Monday, 28 August 2023

First images from NASA's air quality-monitoring TEMPO satellite released.

NASA has released the first set of images from its new Tropospheric Emissions: Monitoring of Pollution (TEMPO) satellite, which is intended to measure the concentrations of pollutant gasses over North America, and which was launched April 2023. The images, featured in a press release issued on 24 August 2023, shows the distribution of nitrogen dioxide, which is produced as a biproduct of burning fossil fuels and which is harmful to the respiratory tract, around major cities, and thoroughfares in North America on 2 August 2023. 

Nitrogen dioxide levels over the DC/Philadelphia/New York region at 4:24 p.m. on 2 August 2023, as measured by TEMPO. Kel Elkins/Trent Schindler/Cindy Starr/NASA Scientific Visualization Studio.

The satellite has been placed in a geostationary orbit 35 400 km above the equator and will continuously monitor an area between the Atlantic Ocean to the east, the Pacific Ocean to the west, the latitude of Mexico City to the south, and approximately mid-Canada to the north. It forms part of a network which now monitors much of the Northern Hemisphere for atmospheric pollution, including the South Korean Geostationary Environment Monitoring Spectrometer, and the European Space Agency's Sentinel 4 satellite.

Image showing nitrogen dioxide levels over Southern California at 12:14on 2 August 2023, as measured by TEMPOKel Elkins/Trent Schindler/Cindy Starr/NASA Scientific Visualization Studio.

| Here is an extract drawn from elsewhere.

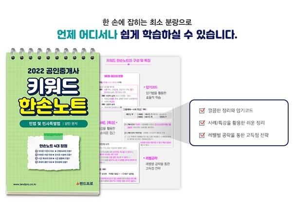 랜드프로 관계자는 “민법 시험과목은 생소한 법 용어와 판례 때문에 초보 수험생들이 많이 어려워하는 과목이기도 하다. 만약 공인중개사 자격증 시험일정에 대비해 1차 과목 민법을 확실히 마무리하길 원한다면, 양민 민법 키워드 한손노트 특강을 추천한다. 교재, 특강 패키지 구매 시 할인 혜택도 누릴 수 있으니, 많은 신청 바란다”고 말했다.

The TEMPO satellite works by monitoring wave lengths at which gas molecules emit light. All molecules will absorb light at some wavelengths and emit it at others, and spectrographic instruments such as TEMPO are able to utilise this to determine the presence and concentration of individual molecules. For example, nitrogen, which makes up 80% of the Earth's atmosphere, emits light in the blue part of the spectrum, giving the sky its distinctive blue colour. Nitrogen dioxide has a distinctive orange-brown colour, while gasses such as methane and carbon dioxide radiate light in the infra-red part of the spectrum, which we experience as heat, leading to them being regarded as greenhouse gasses.